The devotional’s closing address was a prerecorded message from President Russel M. Nelson. 

He invited listeners to come and adore Christ, as did the shepherds, wisemen and angels of old. He testified of the truth of the Savior as the Son of God and His vital role in all of human history.

“Just think about the incomprehensible magnitude of what Jesus Christ accomplished, all according to the will of His Father … a feat that not one of us could do for ourselves,” he said.

He said his wish and prayer for members of the Church, and for all people this Christmas, is to feel the deep, eternal love the Savior has for them personally. 

“He knows and sees you now, He sees your joy and your sorrows. He has experienced each of them. He has perfect compassion for your struggles and rejoices every time you press forward in righteousness, during good times and bad,” he said.

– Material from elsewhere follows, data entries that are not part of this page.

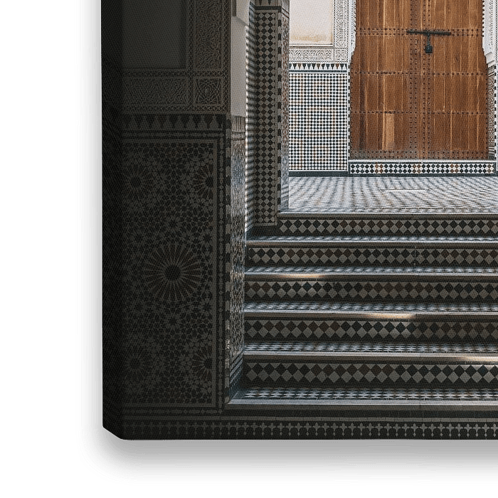 Deze foto is gemaakt in Marokko en toont een doorkijkje in een traditioneel gebouw. Op de voorgrond zie je een boog die dienstdoet als poort. Onder de poort leidt een kleine trap naar een betegelde vloer. De vloer is bedekt met mozaïektegels in verschillende geometrische patronen. De tegels lopen door op de onderste helft van de muur,…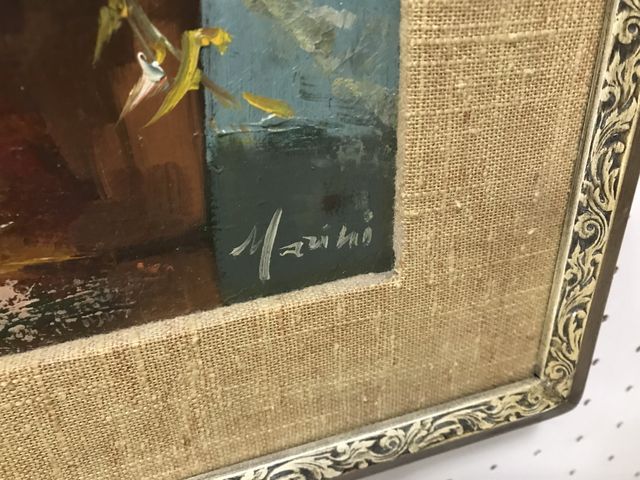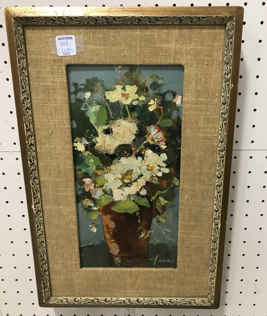 Original Oil Painting "Floral" by Marini, signed, frame is 19"h., 12"w. Original Oil Painting "Floral" by Marini, signed, frame is 19"h., 12"w.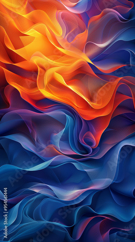 © RUK Collections, Obraz premium A deconstructed abstract vector pattern with intertwined curves and waves in a gradient of cool blues and warm oranges, creating a dynamic contrast.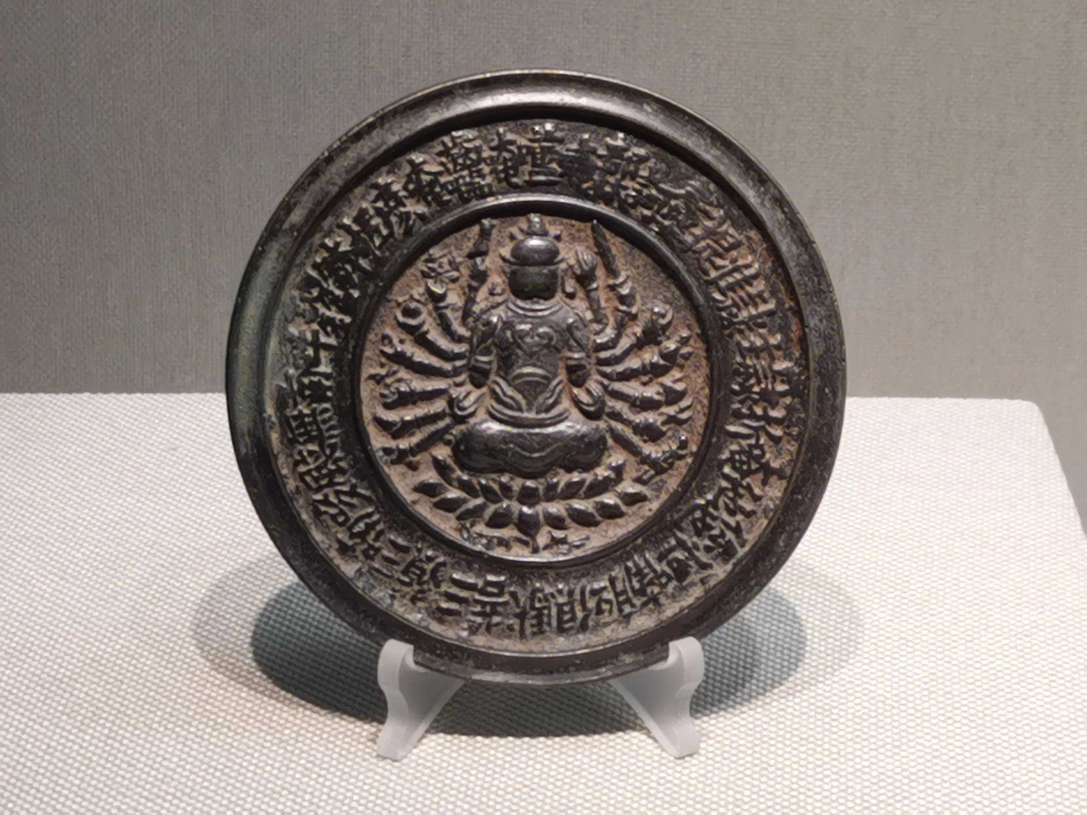 辽镜承继汉、唐镜遗风,又吸收宋镜风格,有其独到之处。如典型的龟背纹镜,采用方圆结合、层层分割、曲直相形的图案,形成独特的四合纹样。龙纹镜以其刚健犀利的细线刻技法,带来高超的艺术表现能力。菊花纹镜,更多地吸收了宋镜缠枝花草的韵味,细腻、柔美而雅致,更以其花形的镜形,达到镜、花合一的艺术效果。辽代铜镜中的迦陵频伽纹镜独具特色,迦陵频伽是佛教故事中的神鸟,人头鸟身,译名美音鸟或妙声鸟。铜镜出土于辽宁省建平县张家营子乡勿沁吐鲁村辽墓,以圆润柔和的凸线勾画迦陵频伽,空白处以花叶补满。以佛教故事作为纹饰题材,反映了佛教在辽代的深远影响。

Devotional attendees wave goodbye to the First Presidency as they exit the stand. Saints gathered from all over the world to hear the prophet and others speak. (Emma Butler Price)

President Nelson testified that God’s children never need to face life’s challenges alone because they have constant access to Christ’s power to help, strengthen and heal.

The prophet closed his message by testifying that God lives, Jesus is the Christ and The Church of Jesus Christ of Latter-day Saints is His. 

Nick Lhamon, a senior in BYU’s accounting program who attended the devotional, said he felt most impressed by the performances of the Tabernacle Choir and Orchestra at Temple Square. 

The choir sang several Christmas songs, including “Joy to the World,” “O Come All ye Faithful,” “Hallelujah” from Handel’s “Messiah” and more.

“I really love hearing the Tabernacle Choir … the grandeur of the message and also the singing,” Lhamon said. 

Tatum Keck, a BYU student studying biology education who attended the devotional, said she loved President Nelson’s address. 

“It was amazing to just hear like three minutes straight of pure testimony from him of the Atonement of Jesus Christ,” she said.

Dalen Norman, another BYU student who attended, said he appreciated Elder Gong’s talk about remembering who people become rather than who they were in the past. 

“We should give other people in our lives the same chance to change and remember them as a person that they become, not as the person that they were,” he said. 

Many attendees donated at the Church’s giving machines as they left temple square. 

The recorded broadcast of the devotional is available on the Church’s website.